Introduction

In the last few decades, contamination impact in food has been focused on regulated contaminants such as metals, pesticides, and polycyclic aromatic hydrocarbons (PAHs). However, many other chemical compounds have been continuously released into the environment due to human activity; they come from several branches of industry and scientific research, and are closely related to lifestyle, such as household chemicals, pharmaceutical products, and personal care products. All these non-regulated pollutants have been called emerging contaminants and could cause toxicity to human being as the regulated contaminants (Gros et al. 2008; Hansen 2007). Among the emerging contaminants, there are two kinds of compounds that are common ingredients of personal care products (PCPs) such as polycyclic aromatic musks and UV filters (Kümmerer 2011).

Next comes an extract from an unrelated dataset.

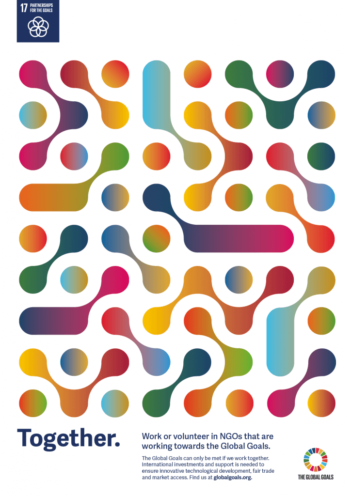 With the aim of strengthening global partnerships, this poster explores how the Global Goals are more effectively achieved when organisations and partnerships work together. Individual circles represent organisations, while the connecting nodes symbolises unity, something vital to the success of the Goals. The use of gradients and colours inspired by the seventeen Global Goals reinforces the idea that progress is only possible through collective effort.

Polycyclic aromatic musks are frequently used for manufacture of perfumes, lotions, soaps, creams, and detergents because of their ability to improve fragrance fixation. Its use has increased in the last few years as substitutes for nitro musks, which are more toxic compounds than polycyclic aromatic musks (Dietrich and Hitzfeld 2004; Van Der Burg et al. 2008). In a cellular model, musks enhance the genotoxic effect of PAHs and increase susceptibility of humans to the health hazards of PAHs (Mersch-Sundermann et al. 2001). Polycyclic musks also inhibit multixenobiotic defense in aquatic organisms (Smital et al. 2004). UV filters are organic compounds commonly used in personal care products for protection against sun exposure to prevent skin cancer, and its use has increased in a great variety of products: shampoos, creams, cosmetics, lotions, etc. (Barber 2014; Birkholz et al. 2014). Musks and UV filters are both endocrine disruptors that enter into the aquatic environment because of human activity and can affect the safety of the food consumed by the humans with a potential impact on their health, this make necessary monitoring its incidence in biological and environmental samples (Fent et al. 2010; Rimkus 1999).

In recent years, there is a growing concern for evaluating the exposure to emerging contaminants and determine the potential adverse effects for humans that may result from food consumption containing contaminants. The contaminants can bioaccumulate, being stored faster than they are metabolized or excreted, leading to trophic magnification in aquatic organisms like fish due to its lipophilic character and, consequently, these contaminants enter into contact with humans by the consumption of contaminated fish. UV filters and musks have been already detected at ng g−1 levels in different kind of fishes by HPLC-MS, HPLC-MS-MS, and GC-MS; however, many of them used solvent extraction and an additional clean-up step (Gago-Ferrero et al. 2012; Marchal and Beltran 2016). The first step for evaluating the risk associated with food contaminated with these kinds of compounds is to develop and validate a method to quantitate them. The main problems for developing methods to evaluate emerging contaminants in biota are the low concentration at what they could be present and the complexity of the matrix of the samples (Farré and Barceló 2013).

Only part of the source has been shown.